In $\mathbb E[\frac{\Delta_i Q_{1i}}{K(V_i)}I(V_i\le t)]$ no variable is singled out as one over which the expectation is being taken. This usually means that the expectation is over the joint distribution of the variables $(R,Z,T_1,T_2,C)$. See this answer for a good explanation of the precise meaning of this. The same applies to your other questions about expectations - they're all expectations over the joint distribution of all variables involved.

There are also some conditional expectations e.g. $\mathbb E\{ I(T_{11i}<C_i)|R_i,Z_i,T_{11i}\}=K(T_{11i})$. How does this work? Intuitively, we think of any variable we condition on as being constant. In this case $T_{11i}$ is regarded as constant, but $C_i$ is independent of the variables on which we are conditioning (so is unaffected by the conditioning), so the conditional expectation evaluates to $\mathbb E(I(t_{11i}<C_i))=\mathbb P(C_i>t_{11i})=K(t_{11i})$ where $t_{11i}$ is the value of $T_{11i}$ which we're thinking of as constant. (More rigorously: see this answer.)

Here's a simple example of what's going on with the conditional expectation. Suppose $X$ and $Y$ are continuous IID random variables with cdf $F$. By symmetry we know that $P(X>Y)=\frac{1}{2}$. However this can also be calculated by conditioning.
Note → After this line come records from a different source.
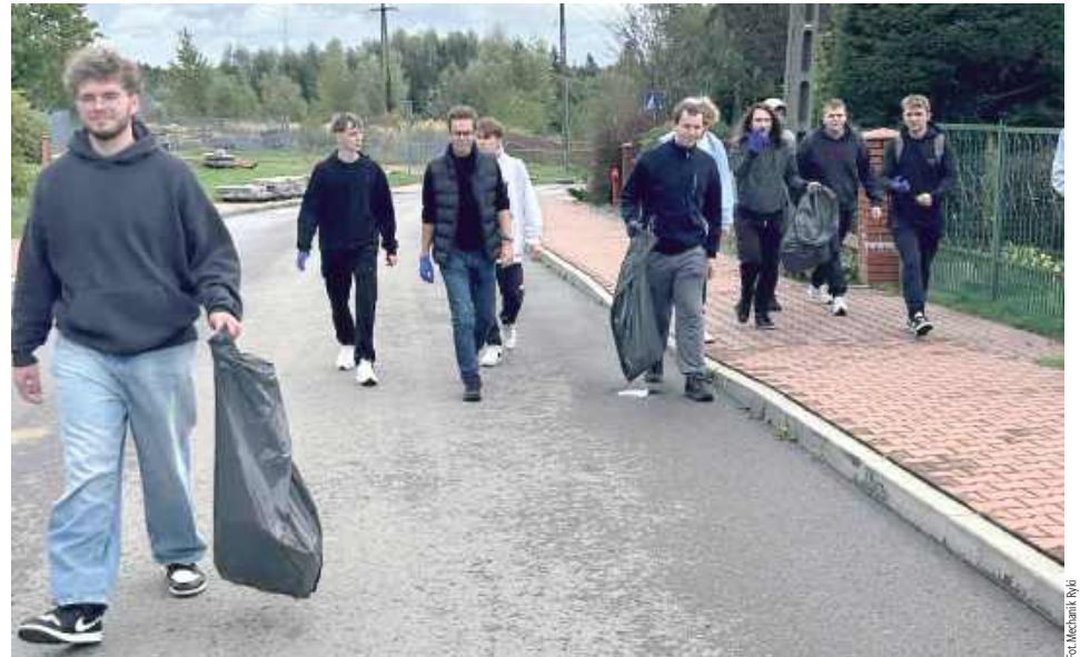
ZSZ nr 1 w Rykach
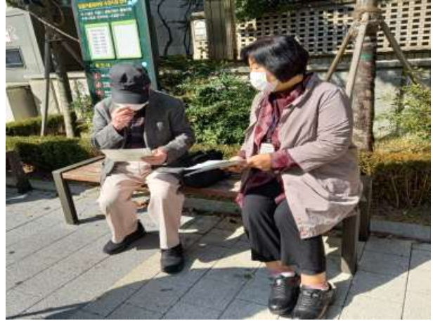
〈 시니어상담가 정보 제공 활동 〉
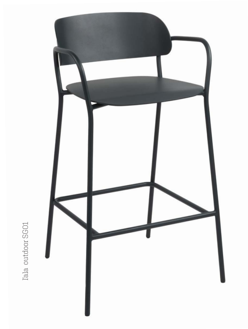
l'ala outdoor SG01

In addition to its lightness and suitability for outdoor use, aluminium was chosen for its sustainability, perfectly matching the objectives of circular economy.
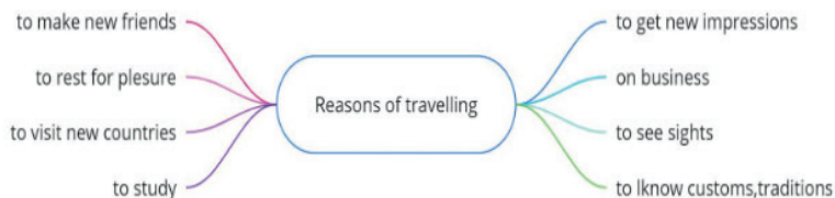
Рис. 1. Ментальная карта

Compare different ways of travelling. Use the adjectives in the boxes (рис.2).
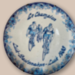
Herinnering deelname Luik-Bastenaken-Luik
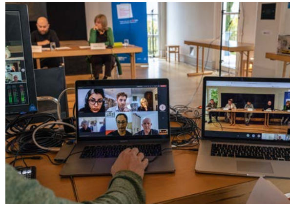
„Poesie der Nachbarn“, Hybride Lesung im Oktober 2021.

rinnen und Lyrikern zunächst nicht zustande, jedoch traf und verständigte man sich auf der digitalen Ebene, um noch nicht veröffentlichte hebräische Lyrik „nachzudichten“. Die öffentliche hybride Lesung fand im Oktober 2021 statt. Im Herbst des folgenden Jahres schließlich trafen sich die Beteiligten im Künstlerhaus Edenkoben.
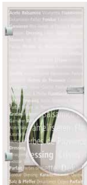
Culinaria, Schrift weiß / Fläche klar auch als Glasschiebetür und VSG-Tür
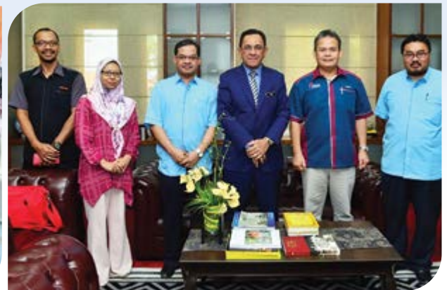
Bergambar bersama ALK KOIST.
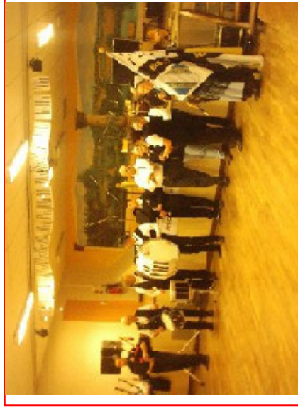
Le bagad Melen Ha Gwenn
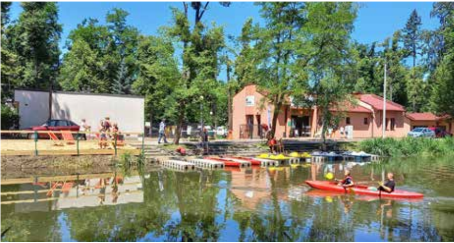
FOT. CAMPING POD CZARNYM BOCIANEM

Na ten moment czekało wielu z nas. Początkiem czerwca „Camping Pod Czarnym Bocianem” powitał gości, przyciągając do miasta nad Olzą miłośników caravanningu. Wśród pięknej zieleni pojawiły się namioty, przyczepy kempingowe i kampery. To znak, że obiekt zwany wcześniej jako „Camping Olza” zyskał nowego gospodarza, a właściwie gospodarzy.
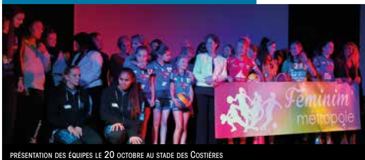
PRÉSENTATION DES ÉQUIPES LE 20 OCTOBRE AU STADE DES COSTIÈRES
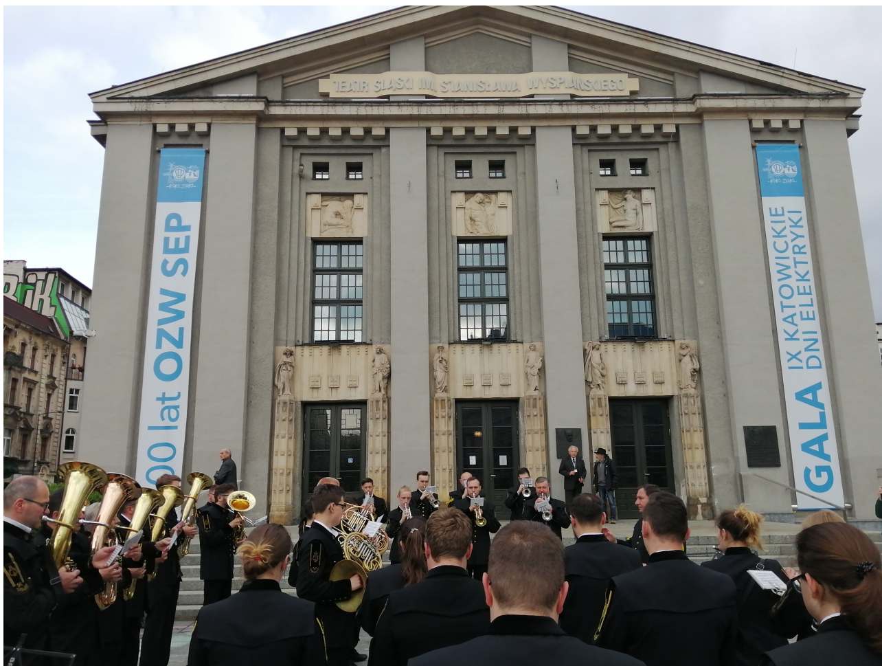
Okolicznościowo udekorowany gmach Teatru Śląskiego im. Stanisława Wyspiańskiego w Katowicach
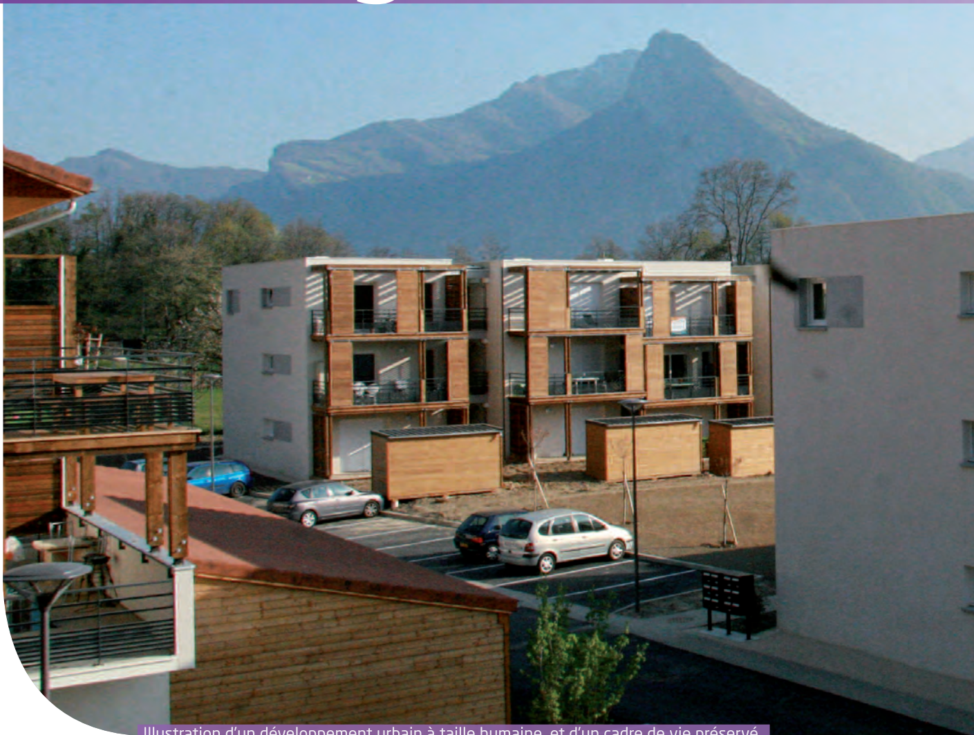
Illustration d'un développement urbain à taille humaine, et d'un cadre de vie préservé

a vec un peu plus de 10 % de logements sociaux, Sassenage est loin du seuil des 25 % fixé par la loi SRU (loi relative à la solidarité et au renouvellement urbain), mais partant d'un taux de 6,60 % en 2001, la progression est bel et bien là, et appelée à se poursuivre.
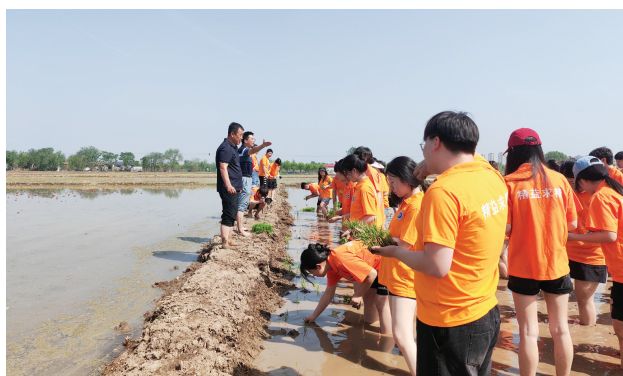
天津现代职业技术学院学生走进津南区北闸口镇正营村体验插秧。

传承和弘扬农耕文化,展现现代农业技术与成果,不久前,正营村还举办了“第三届插秧节”,为天津机电学院机械学院相关领导颁发了“乡村振兴”指导员聘请证书,双方将立足各自资源优势和工作特色,以党建引领为纽带,推动村校共建各项工作再上新台阶。同时,多个企业及个人进行了稻田认养,共同参与稻田管理与
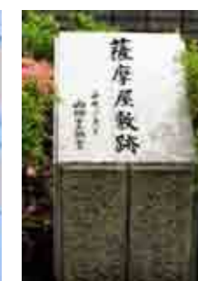
幕末動乱の跡 薩摩屋敷跡
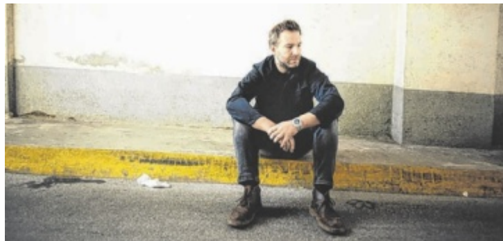
Musiker Josh. gastiert am 23. Oktober in der TipsArena Linz.

Ja klar, aber das waren viele. Linz ist, glaube ich, von allen Städten diejenige, in der ich am häufigsten
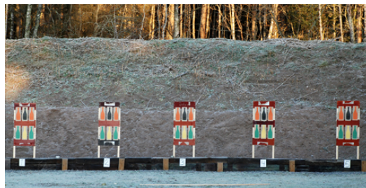
6 flaskor Champagne på station 6! SKÅL & GOTT NYTT ÅR!
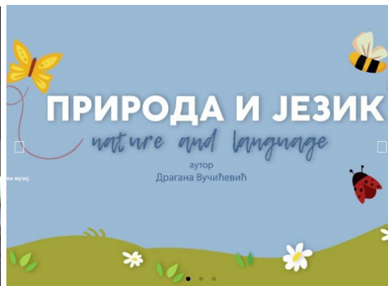
Изложба „Природа и језик“

Кратка предавања у Планетаријуму: курс астрономије за почетнике-Привидно кретање планета.
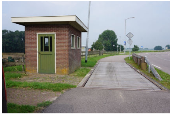
Weeghuisje met weegbrug
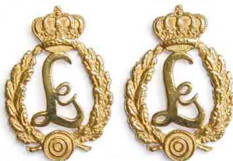
Kragenspiegel in Gold

Der Maßstab für die Entscheidung über die Verleihung der Kragenspiegel in Gold ist, ob sich die zu ehrende Person insgesamt mehr als fünf Jahre überdurchschnittlich im Gau und den ihm angeschlossenen Vereinen und Gesellschaften verdient gemacht hat und mindestens zwei Jahre seit der Verleihung der Kragenspiegel in Silber vergangen sind.
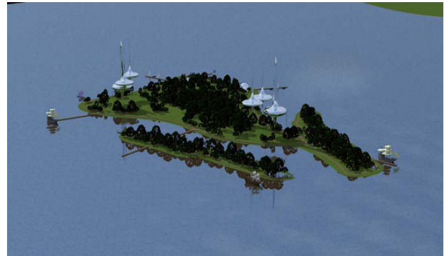
Рис. 3. Пример архитектурно-ландшафтной организации острова им. Ленина, основанной на использовании объектов «нулевой плавучести» в воздушном бассейне, в том числе - крондендроорбиталей - не воспринимаемых с внешних пространств, не передающих нагрузки на деревья, не создающих экологических проблем

человеческого организма, не имеют себе конкурентов в мире. Крапивный кремний упоминается едва ли не во всех древних мифах, повествующих о лечебных рубахах, дающих к тому же большую силу воинам. Что, между прочим, и использовалось в армиях Западной Европы до 50-х годов XX века, и снова возвращается на «круги своя».
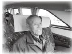
ちょっと緊張します
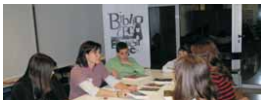
Club de lectura

La Biblioteca Municipal inicia un programa d'animació a la lectura que amb les sigles BELL (La Biblioteca t'Engresca a Llegir) engloba sota un mateix paraigua totes les activitats de foment de la lectura infantils i juvenils, i a més amplia l'oferta amb nous tallers, exposicions i sortides. Les activitats més immediates són dos tallers d'animació a la lectura per a infants de 7 a 12 anys, el 26 de març i el 2 d'abril, a les 11 del matí.
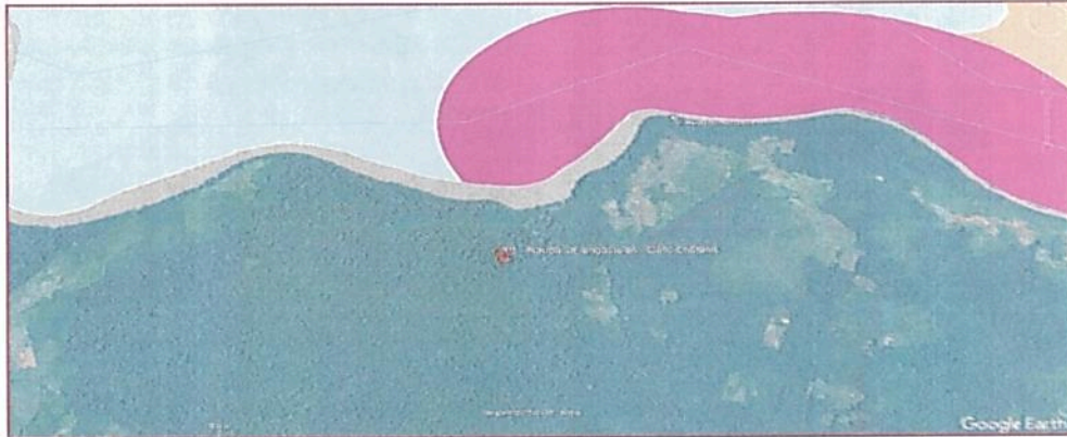
Gráfico 5. Punto ubicado fuera de los límites del PNN Sierra de La Macarena en el PNN Tinigua.

Punto 6. Caño cristalitos - Caño cristales ( 2^{\circ}13'41.07''N / -73^{\circ}47'43.76''O ):
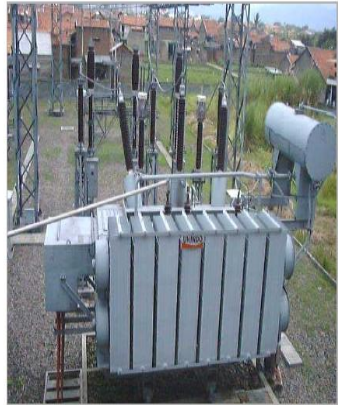
TRANSFORMATOR TENAGA 150/20 kV 30 MVA
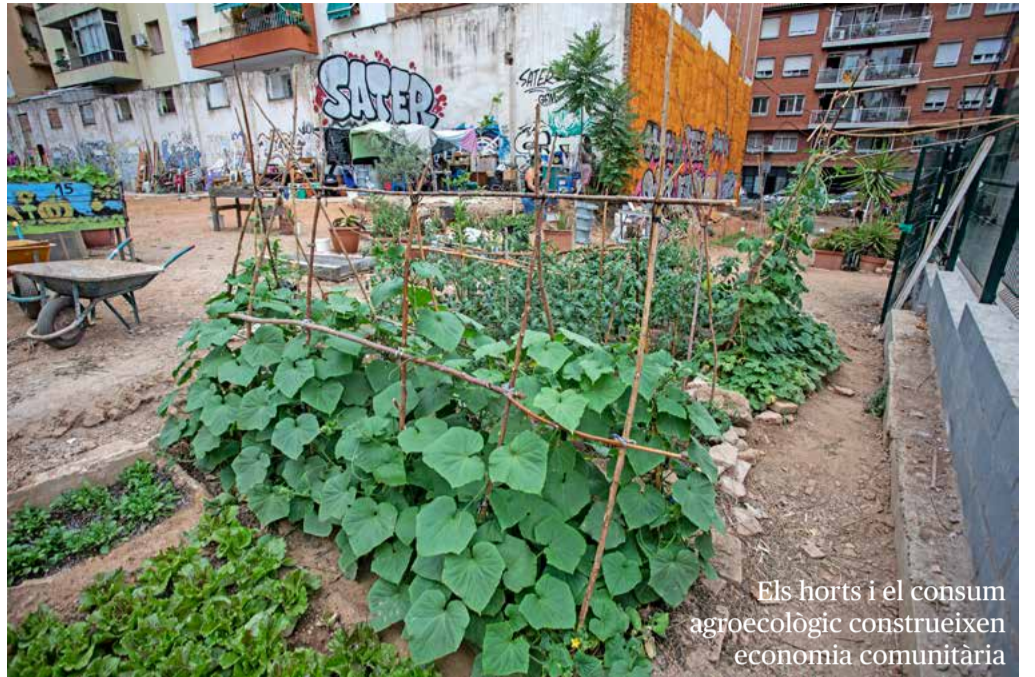
Els horts i el consum agroecològic construeixen economia comunitària

Volem aprofitar la FESC per trobar-nos, necessitem imaginar plegades un horitzó de cura digna, feminista i antiracista, que ens ajudi a definir una estratègia conjunta des del sector cooperatiu i solidari. Ens cal amb caràcter d'urgència, com a àmbit fonamental en la concertació pública-cooperativa-comunitària. En cas contrari, correm el risc que la provisió de cures continuï sent un nínxol de mercat en mans d'empreses mercantils de plataforma i grans empreses multiservei licitadores de serveis públics, amb sistemes d'atenció deshumanitzats i generadors de precarietat, que fan negoci amb la salut d'usuàries i treballadores, principalment dones, migrades i racialitzades.

In fact $P(X>Y)=\mathbb E(I(X>Y))=\mathbb E(\mathbb E(I(X>Y)|Y))$. In the conditional expectation we think of $Y$ as constant so we just integrate over $X$ to get $1-F(Y)$. Hence $\mathbb E(\mathbb E(I(X>Y)|Y))$ reduces to $\mathbb E(1-F(Y))$. Since $F(Y)$ is uniform on $[0,1]$ this evaluates to $\frac{1}{2}$.

As for the last question, linearity of expectation implies that $\mathbb E[n^{-1}\sum_{i=1}^{n}\frac{\Delta_i Q_{ki}}{ K(V_i)}I(V_i\le t)]=F_{1k}(t)$. However, I don't think you can easily replace $K$ by its estimator $\hat K$ in this - which is why they don't try to do this in the paper. Still, what they've shown suggests that $\hat F_{1k}(t)$ is a useful estimator.